Collect a large dataset of text that’s representative of the style and content you want to generate.
* Clean the text data (remove unwanted characters, correct spellings), and preprocess it (tokenization, lowercasing, removing stop words if necessary).
Choose a deep neural network architecture to handle sequences for text generation.
* Frame the problem as a sequence modelling task where the model learns to predict the next words in a sequence.
Use your text data to train the model.

# Text Generation Model using Python

In [None]:
import tensorflow as tf
import tensorflow_datasets as tfds
import numpy as np
dataset,info=tfds.load('tiny_shakespeare', with_info=True, as_supervised=False)

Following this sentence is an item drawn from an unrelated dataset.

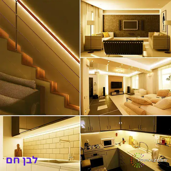 סרט לד LED למטבח. אור לבן חם - 5 מטר

Downloading and preparing dataset Unknown size (download: Unknown size, generated: 1.06 MiB, total: 1.06 MiB) to /root/tensorflow_datasets/tiny_shakespeare/1.0.0...

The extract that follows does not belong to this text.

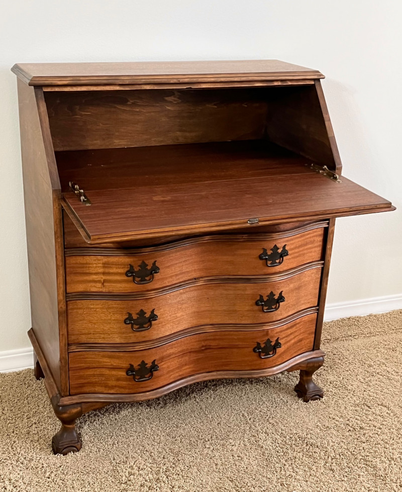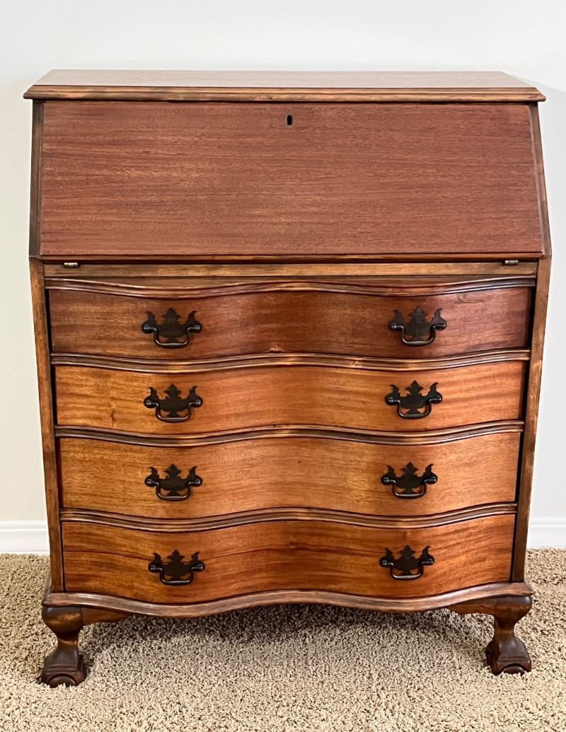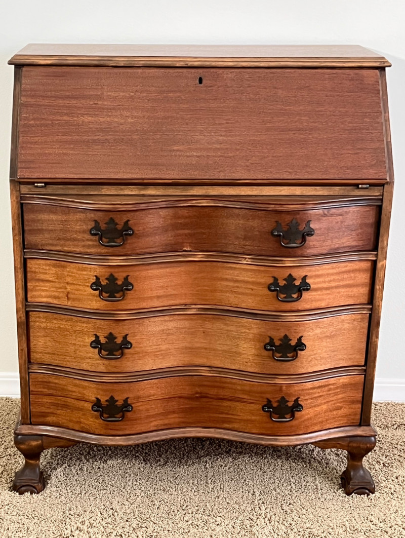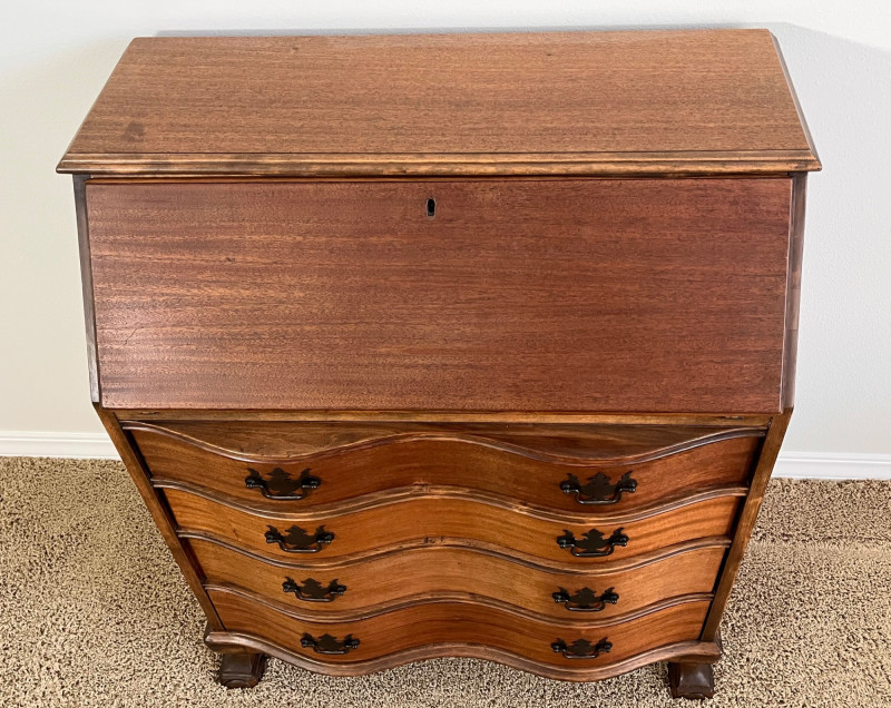 Lot # 12 - Antique Drop Front Secretary Desk with Ball and Claw Feet

Dl Completed...: 0 url [00:00, ? url/s]

Dl Size...: 0 MiB [00:00, ? MiB/s]

Generating splits...:   0%|          | 0/3 [00:00<?, ? splits/s]

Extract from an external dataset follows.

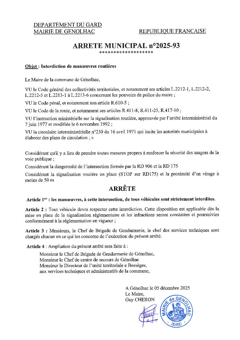 Arrêté municipal - intersection formée par la RD906 / RD175

Generating train examples...:   0%|          | 0/1 [00:00<?, ? examples/s]

Shuffling /root/tensorflow_datasets/tiny_shakespeare/1.0.0.incompleteLN6V80/tiny_shakespeare-train.tfrecord*..…

Generating validation examples...:   0%|          | 0/1 [00:00<?, ? examples/s]

Shuffling /root/tensorflow_datasets/tiny_shakespeare/1.0.0.incompleteLN6V80/tiny_shakespeare-validation.tfreco…

Generating test examples...:   0%|          | 0/1 [00:00<?, ? examples/s]

Shuffling /root/tensorflow_datasets/tiny_shakespeare/1.0.0.incompleteLN6V80/tiny_shakespeare-test.tfrecord*...…

Dataset tiny_shakespeare downloaded and prepared to /root/tensorflow_datasets/tiny_shakespeare/1.0.0. Subsequent calls will reuse this data.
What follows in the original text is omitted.